=== Data ===

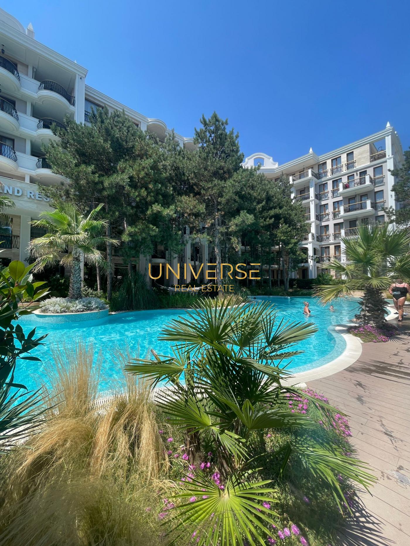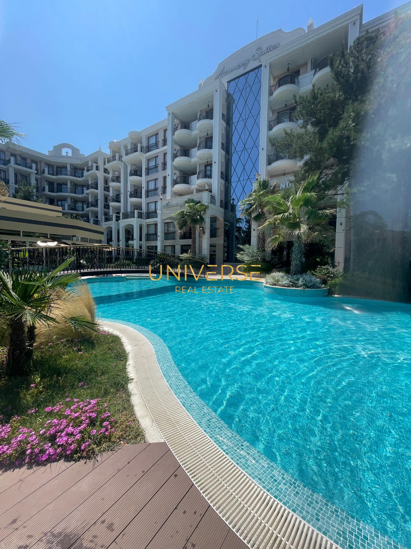 Eine 2+1-Zimmer-Wohnung in einer exklusiven Anlage in Sunny Beach steht zum Verkauf. Sie wird komplett möbliert und mit hochwertigen Haushaltsgeräten angeboten. Die luxuriöse Anlage liegt nur 800 Meter vom Strand entfernt und bietet einen Swimmingpool, einen Kinderspielplatz, eine Bar mit Restaurant, Sicherheitspersonal und Parkplätze. Akt 16 Nr. 5739
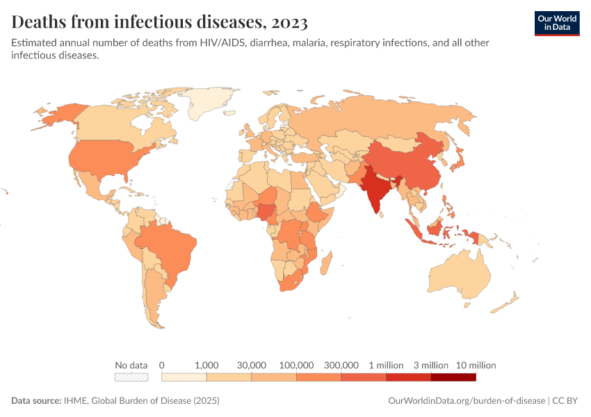 IHME, Global Burden of Disease (2025) – with major processing by Our World in Data. “Deaths from infectious diseases” [dataset]. IHME, Global Burden of Disease, “Global Burden of Disease - Deaths” [original data]. Retrieved February 25, 2026 from https://style-labor-employmentrate-c.owid.pages.dev:8789/20260211-174736/grapher/deaths-from-infectious-diseases.html (archived on February 11, 2026).
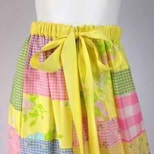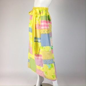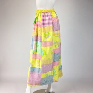 Super cute vtg 70s patchwork maxi skirt in yellow+pastel patchwork! *-*
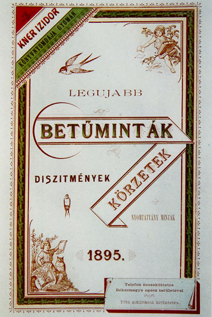 Couverture pour un ‘spécimen’ de caractères plomb, 1895, Kner Izidor.
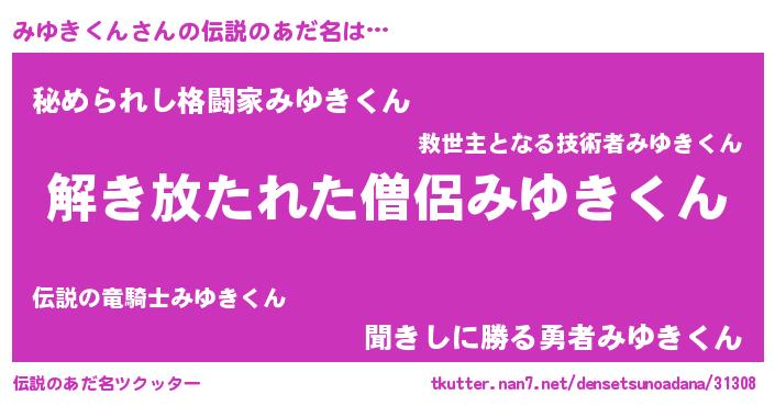| 意味不明あだ名 | 『住所不定無職みゆきくん(56歳)』 |

===

> [Exercise brief]
Aside from the pictures, copy all of the entries exactly.

> [Reply]
 Eine 2+1-Zimmer-Wohnung in einer exklusiven Anlage in Sunny Beach steht zum Verkauf. Sie wird komplett möbliert und mit hochwertigen Haushaltsgeräten angeboten. Die luxuriöse Anlage liegt nur 800 Meter vom Strand entfernt und bietet einen Swimmingpool, einen Kinderspielplatz, eine Bar mit Restaurant, Sicherheitspersonal und Parkplätze. Akt 16 Nr. 5739
 IHME, Global Burden of Disease (2025) – with major processing by Our World in Data. “Deaths from infectious diseases” [dataset]. IHME, Global Burden of Disease, “Global Burden of Disease - Deaths” [original data]. Retrieved February 25, 2026 from https://style-labor-employmentrate-c.owid.pages.dev:8789/20260211-174736/grapher/deaths-from-infectious-diseases.html (archived on February 11, 2026).
 Super cute vtg 70s patchwork maxi skirt in yellow+pastel patchwork! *-*
 Couverture pour un ‘spécimen’ de caractères plomb, 1895, Kner Izidor.
| 意味不明あだ名 | 『住所不定無職みゆきくん(56歳)』 |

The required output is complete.